Well, my friends, it seems the world may be coming to an end as we know it. No, aliens aren't attacking and no, there isn't a giant rock hurtling towards Earth, but something even more momentous has just occurred; esteemed SA contributor Regarded Solutions said Bank of America (NYSE:BAC) could be moving higher. In his most intriguing article to date, RS explains that his steadfast pessimism on BAC shares of the past year or so may well have seen its end. It's a terrific read and I won't attempt to steal its thunder here but if you haven't read it, please do so. I have a tremendous amount of respect for RS and while we have disagreed on BAC in the past, I always read his work and I'd recommend you do the same. RS has offered up a steady stream of "dead money" BAC articles in the past so imagine my surprise when I read his article today wherein he essentially conceded that a bearish stance on BAC was no longer the correct one, in his view.
The newfound stance on BAC comes in the wake of a nasty selloff due to a confluence of factors, not the least of which was BAC's uh-oh in its capital calculations for the stress test this past spring. The calculation blunder has been well covered here and in other places so I won't rehash the details but its impact has been undeniable on shares as investors simply sold first and asked questions later.
Fast forward to today and BAC has resubmitted its capital plan to the Fed for its review with a "smaller" capital return plan than before. We won't know what BAC submitted until it is approved or denied but the fact that BAC is confident enough to request a capital return plan after having withdrawn it the first time 'round is a great sign.
What's even more exciting is the news that BAC's calculation error had a de minimis effect on its capital ratios. This confirms what many of us have been saying since the news broke; the selloff from this error was insane given the severity (or lack thereof) of the error itself. That was confirmed yesterday as BAC shares shot higher on high volume, posting a 3.4% gain.

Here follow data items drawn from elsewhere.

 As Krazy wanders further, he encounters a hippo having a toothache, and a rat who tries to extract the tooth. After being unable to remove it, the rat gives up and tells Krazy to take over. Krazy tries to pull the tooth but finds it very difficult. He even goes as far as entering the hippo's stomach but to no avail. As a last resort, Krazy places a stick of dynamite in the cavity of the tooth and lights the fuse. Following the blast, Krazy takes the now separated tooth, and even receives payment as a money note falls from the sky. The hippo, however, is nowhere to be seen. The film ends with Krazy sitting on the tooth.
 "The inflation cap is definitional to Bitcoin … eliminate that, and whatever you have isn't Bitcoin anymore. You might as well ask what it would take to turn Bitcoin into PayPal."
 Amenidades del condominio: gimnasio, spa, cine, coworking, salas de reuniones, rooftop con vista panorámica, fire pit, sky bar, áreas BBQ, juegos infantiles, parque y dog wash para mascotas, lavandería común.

Yesterday's convergence of events has signaled to me that BAC has touched its bottom for 2014 and will spend the rest of the year accruing gains from today's levels. Of course, I'm not suggesting BAC won't trade down but I don't think we'll revisit the lows we've seen in the past few weeks and that we'll finish 2014 materially higher than current prices.

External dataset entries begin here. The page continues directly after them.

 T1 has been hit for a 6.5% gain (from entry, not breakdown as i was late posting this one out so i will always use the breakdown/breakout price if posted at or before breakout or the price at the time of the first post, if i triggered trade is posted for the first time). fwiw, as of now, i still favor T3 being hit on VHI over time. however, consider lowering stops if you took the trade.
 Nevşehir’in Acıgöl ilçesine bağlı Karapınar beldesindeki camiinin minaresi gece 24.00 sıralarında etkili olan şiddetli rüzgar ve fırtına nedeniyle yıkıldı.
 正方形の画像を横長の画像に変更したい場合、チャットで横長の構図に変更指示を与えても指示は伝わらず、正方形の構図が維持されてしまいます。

BAC is still cheap on many metrics including book value and earnings and it still has all the same people and earnings power it did before the selloff. None of this changed when the calculation error came to light and as many of us said, nothing in the business had changed. It seems the rest of the world may have caught up yesterday and realized that BAC isn't burning to the ground and that it still has tremendous earnings power in front of it.
I suspect that when the capital plan is approved that we'll see either modest buybacks or a higher dividend, but probably not both. However, it really doesn't matter how the capital is allocated so long as it is. I really don't care about being right about how BAC will split it up, I just want to see that it gets done. One of the knocks against BAC shares is that they pay virtually no dividend and with the reneging of the previously submitted capital plan, the bears feasted on BAC's pain. But those days are over and I am betting that we won't see the 2014 lows again.
Disclosure: I am long BAC. I wrote this article myself, and it expresses my own opinions. I am not receiving compensation for it (other than from Seeking Alpha). I have no business relationship with any company whose stock is mentioned in this article.